Study material ▸
========================

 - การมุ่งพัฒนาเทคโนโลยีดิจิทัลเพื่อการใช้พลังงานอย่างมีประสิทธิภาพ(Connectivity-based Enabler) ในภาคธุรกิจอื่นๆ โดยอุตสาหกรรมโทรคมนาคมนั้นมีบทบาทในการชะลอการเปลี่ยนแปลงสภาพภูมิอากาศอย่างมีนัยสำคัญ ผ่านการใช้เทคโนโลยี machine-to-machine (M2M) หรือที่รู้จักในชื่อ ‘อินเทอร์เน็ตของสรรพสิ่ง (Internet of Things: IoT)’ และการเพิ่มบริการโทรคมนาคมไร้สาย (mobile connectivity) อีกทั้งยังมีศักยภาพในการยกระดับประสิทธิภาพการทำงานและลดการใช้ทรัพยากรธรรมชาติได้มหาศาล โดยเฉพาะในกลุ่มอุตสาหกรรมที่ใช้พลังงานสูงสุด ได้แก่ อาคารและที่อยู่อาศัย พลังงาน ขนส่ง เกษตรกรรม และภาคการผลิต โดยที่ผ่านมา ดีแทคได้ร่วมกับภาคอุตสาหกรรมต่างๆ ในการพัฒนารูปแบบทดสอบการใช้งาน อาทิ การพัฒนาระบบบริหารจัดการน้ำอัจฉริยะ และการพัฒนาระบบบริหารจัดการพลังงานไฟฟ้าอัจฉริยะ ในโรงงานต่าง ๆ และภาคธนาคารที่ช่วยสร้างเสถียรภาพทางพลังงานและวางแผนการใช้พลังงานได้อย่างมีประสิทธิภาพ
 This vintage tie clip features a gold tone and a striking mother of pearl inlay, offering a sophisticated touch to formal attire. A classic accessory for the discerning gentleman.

========================

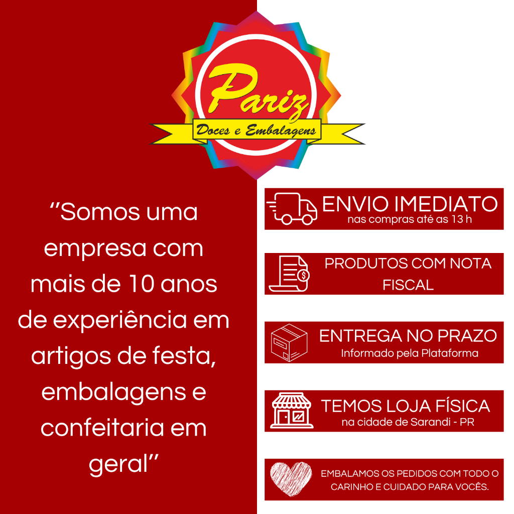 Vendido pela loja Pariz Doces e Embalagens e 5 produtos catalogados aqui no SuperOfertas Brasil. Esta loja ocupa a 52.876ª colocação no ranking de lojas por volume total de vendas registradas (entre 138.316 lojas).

========================

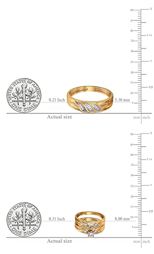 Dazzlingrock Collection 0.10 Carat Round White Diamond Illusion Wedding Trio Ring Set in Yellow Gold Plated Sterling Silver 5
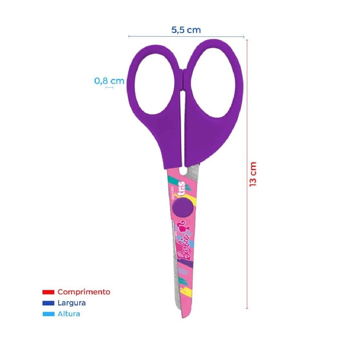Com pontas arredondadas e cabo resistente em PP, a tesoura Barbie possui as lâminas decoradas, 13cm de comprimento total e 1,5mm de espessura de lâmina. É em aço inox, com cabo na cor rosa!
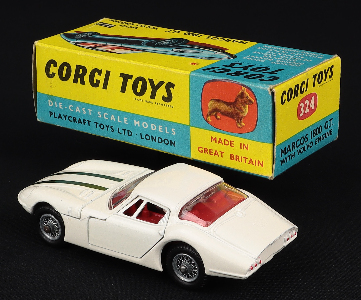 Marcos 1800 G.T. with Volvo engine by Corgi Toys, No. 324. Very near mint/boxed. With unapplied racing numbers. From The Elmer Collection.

========================

How to complete this task ▸
Could you transcribe exactly the entries above, but only the lines from the one with "Com pontas arredondadas" through the one with "Marcos 1800 G.T.", and without pictures?

Solution ▸
Com pontas arredondadas e cabo resistente em PP, a tesoura Barbie possui as lâminas decoradas, 13cm de comprimento total e 1,5mm de espessura de lâmina. É em aço inox, com cabo na cor rosa!
 Marcos 1800 G.T. with Volvo engine by Corgi Toys, No. 324. Very near mint/boxed. With unapplied racing numbers. From The Elmer Collection.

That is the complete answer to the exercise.